Try it - With the pictures left out, copy the records below exactly from the first line down to the line holding "- Ce faci dragă, îi", and include that line.

Records from a dataset:
>>>>

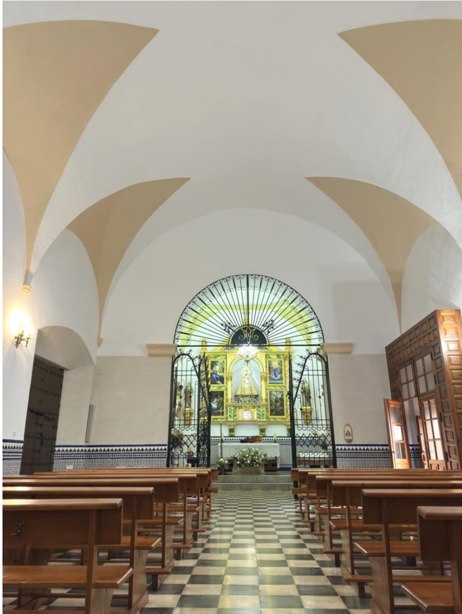
Interior de la ermita con el retablo protegido por una verja.
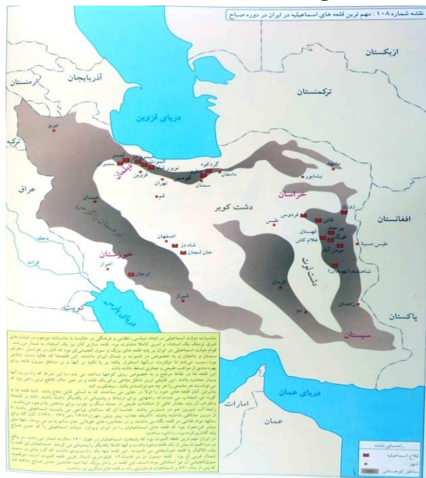
نقشه شماره ۱؛ قلمروی اسماعیلیه نزاری ایران در دوره الموت

نداشتند و مخالفان دستگاه خلافت سنی مسلک عباسیان که در پی استقرار امامت حقیقی و حکومت آرمانی اسلامی بودند، تحت پوشش عقاید شیعی اسماعیلی نزاری، نهضت نزاریه ایران در دوران الموت را یاری رساندند و از عناصر مهم آن گردیدند. این جامعه از دیدگاه انسجام اجتماعی، جامعه ای به شدت همبسته و مسنجم بود بگونه ای که کمترین میزان گسستگی های اجتماعی در آن مشاهده می شود.
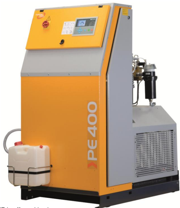
PE 400-VE in offener Version
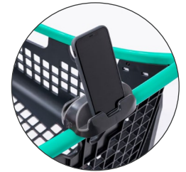
Portamóviles Mobile phone holder
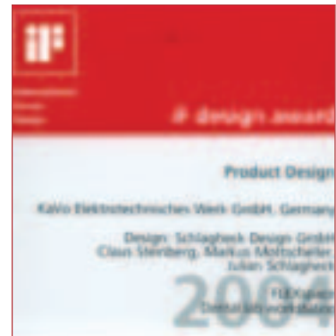
▲ iF design award 2004.

Dank seiner herausragenden Verbindung zwischen modernem Aussehen (by
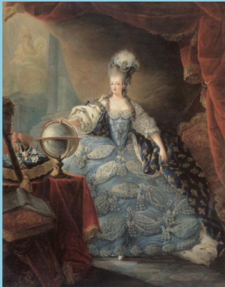
Платье конца XVIII века
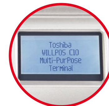
Visor de cliente integrado

Robusto y fiable, el WILLPOS C10 está diseñado para una amplia gama de aplicaciones y entornos - una verdadera solución multifuncional, con una estética cuidada, funcionamiento sin ventilador y tamaño reducido.
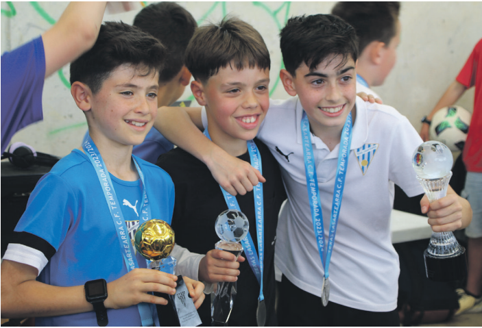
Texaseko jokalariek poz-pez jaso zituzten euren domina eta sariak.
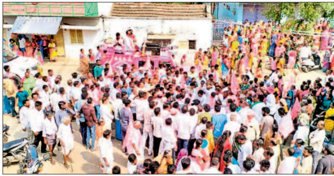
ప్రచారంలో పాల్గొన్న కార్యకర్తలు, ప్రజలు
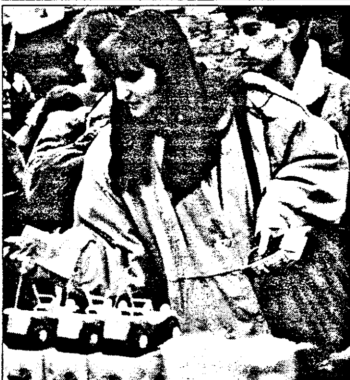
- Ce faci dragă, îi dai cât cere? Negociază și tu, poate mai lasă ceva...

Totodată, se va cere indexarea salariilor, care, la ora actuală, oscilează în jurul a 131.300 lei net, deși salariul mediu pe economie este (sau cel puțin așa se zice) de 239.000 lei. Dl. Balița mai spune că indemnizația promisă de Guvern pe trimestrul IV-1995 va sosi cel mai devreme în...aprilie. A.BOROȘ

<<<<

Your solution -
Interior de la ermita con el retablo protegido por una verja.
نقشه شماره ۱؛ قلمروی اسماعیلیه نزاری ایران در دوره الموت

نداشتند و مخالفان دستگاه خلافت سنی مسلک عباسیان که در پی استقرار امامت حقیقی و حکومت آرمانی اسلامی بودند، تحت پوشش عقاید شیعی اسماعیلی نزاری، نهضت نزاریه ایران در دوران الموت را یاری رساندند و از عناصر مهم آن گردیدند. این جامعه از دیدگاه انسجام اجتماعی، جامعه ای به شدت همبسته و مسنجم بود بگونه ای که کمترین میزان گسستگی های اجتماعی در آن مشاهده می شود.
PE 400-VE in offener Version
Portamóviles Mobile phone holder
▲ iF design award 2004.

Dank seiner herausragenden Verbindung zwischen modernem Aussehen (by
Платье конца XVIII века
Visor de cliente integrado

Robusto y fiable, el WILLPOS C10 está diseñado para una amplia gama de aplicaciones y entornos - una verdadera solución multifuncional, con una estética cuidada, funcionamiento sin ventilador y tamaño reducido.
Texaseko jokalariek poz-pez jaso zituzten euren domina eta sariak.
ప్రచారంలో పాల్గొన్న కార్యకర్తలు, ప్రజలు
- Ce faci dragă, îi dai cât cere? Negociază și tu, poate mai lasă ceva...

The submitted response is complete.